The SAFERS project brings together an international consortium of leading researchers in the fields of speech recognition, natural language processing, statistical modelling and machine learning. The project’s stakeholders (represented by the National Centre on Emergency Communication in Health) will also take an active role in the SAFERS project, both regarding the design of technological solutions that are best suited to the practical needs of emergency response services, and the empirical evaluation of
these solutions in real-life scenarios.

Popular science presentation

Emergency response services – such as 113 for medical emergencies in Norway – must operate in difficult and time-critical conditions. Medical emergencies are characterised by multiple uncertainties, as the operators need to assess a complex medical situation based on a single information source, namely the patient, relative or caregiver on the phone. The operators must then quickly decide how to handle the situation and dispatch medical resources (such as doctors or ambulances) accordingly.

The goal of the SAFERS project is to apply state-of-the art techniques within speech processing, language technology and machine learning to help make emergency response services more reliable and effective. The project seeks to develop a system able to process and analyse in real-time the spoken interactions between the emergency operators and the callers in order to:
(1) Identify what is being said (important keywords and factual answers) during the course of the interaction;
(2) Transcribe in real-time the content of the conversation using speech recognition;
(3) Exploit this information together with contextual factors to predict important parameters, such as the urgency level of the situation;
(4) Detect potential errors or omissions in the emergency response.

The technological solutions developed by the SAFERS project hope to assist emergency operators with real-time analysis and predictions, allowing them to focus on assessing the medical situation and providing assistance to the callers. These solutions will also provide an additional layer of control to quickly detect potential anomalies or important deviations from operational guidelines. Finally, the transcription tools will enable emergency communication centres to simplify and streamline the documentation process.

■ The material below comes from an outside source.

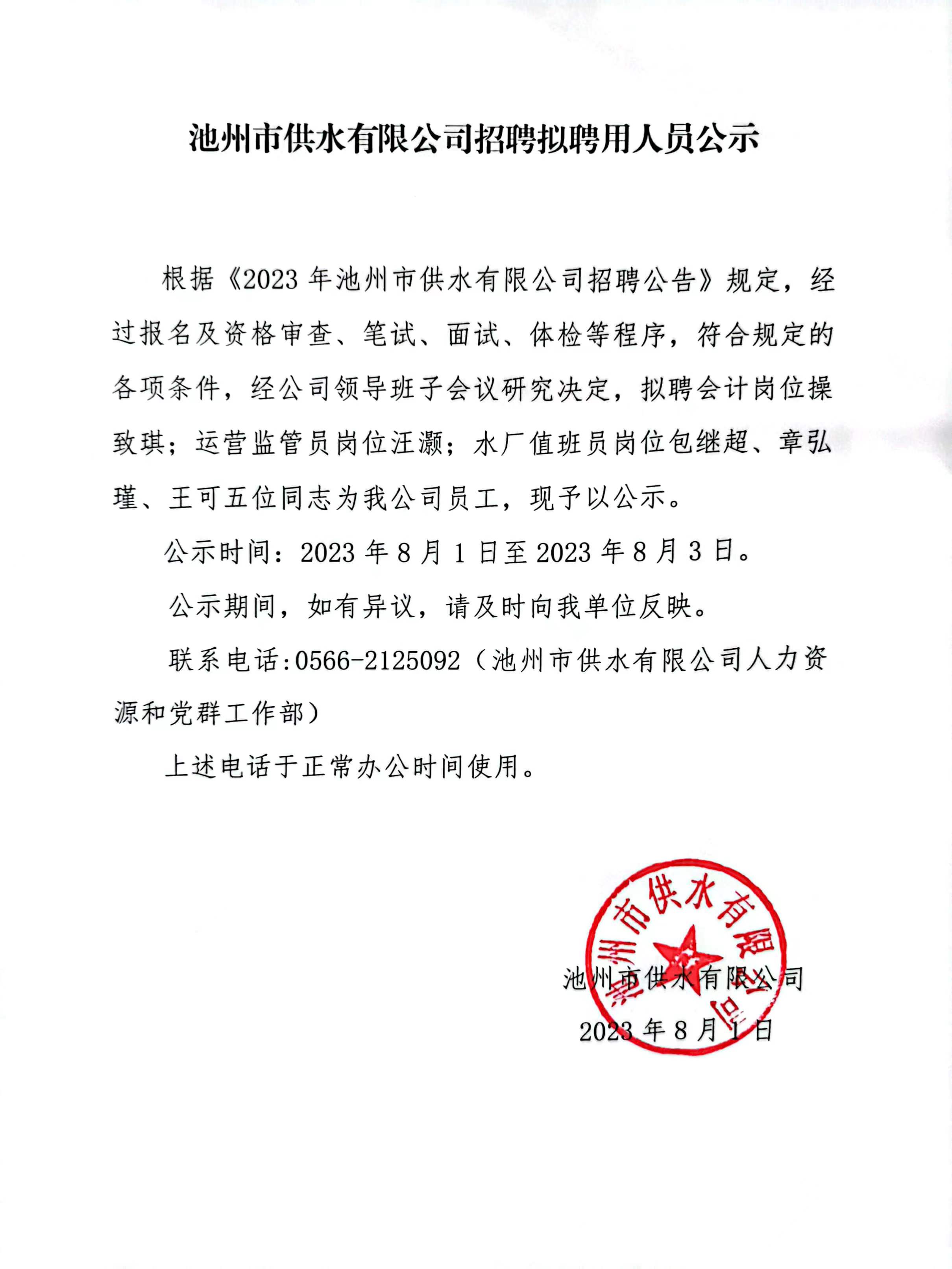 池州市供水有限公司招聘擬聘用人員公示 | |

Prosjekt-tittel: SAFERS: Talegjenkjenning og maskinlæring for nødmeldetjenester

Norsk oversettelse:

Nødtjenester, som 113 for øyeblikkelig helsehjelp i Norge, må fungere i vanskelige og tidskritiske situasjoner. Ved en medisinsk nødsituasjon kan det være mange usikre faktorer, og operatøren er ofte nødt til å vurdere en vanskelig og kompleks medisinsk situasjon basert på kun en informasjonskilde, nemlig innringeren, som kan være pasienten selv, en slektning eller annen omsorgsperson. Operatøren må på bakgrunn av denne informasjonen gjøre beslutninger for hvordan situasjonen best kan håndteres, og eventuelt sende ut medisinske ressurser som lege eller ambulanse.

SAFERS-prosjektet har som hovedmål å benytte moderne teknologi innen taleprosessering, språkteknologi og maskinlæring til å forbedre nødtjenestene slik at påliteligheten og effektiviteten kan økes. Mer presist så ønsker prosjektet å utvikle teknologi som kan behandle og analysere nødtjenestesamtaler mellom medisinsk personell og innrigere i sanntid. Et slikt system skal:
(1) identifisere hva som blir sagt (nøkkelord og viktige fakta) underveis i samtalen.
(2) transkribere samtalen i sanntid ved hjelp av talegjenkjenningsteknologi
(3) utnytte informasjon fra samtalen, sammen med kontekstfaktorer, til å bestemme viktige parametere, for eksempel hvor tidskritisk situasjonen er.
(4) Oppdage potensielle feil og mangler i behandlingen og vurderingene av nødanropet.

De teknologiske nyvinningene fra SAFERS-prosjektet vil bistå nødtjenesteoperatorer med sanntidsanalyser og prediksjoner, slikt at de kan ha fullt fokus på medisinske vurderinger og gi riktig assistanse til innringere. Disse nyvinningene vil også tilby et ekstra kontrollnivå ved at anomalier og større avvik fra operasjonelle retningslinjer kan oppdages raskt. Transkriberingsverktøy vil også kunne føre til en enklere og mer strømlinjeformet dokumenteringsprosess for AMK-sentraler.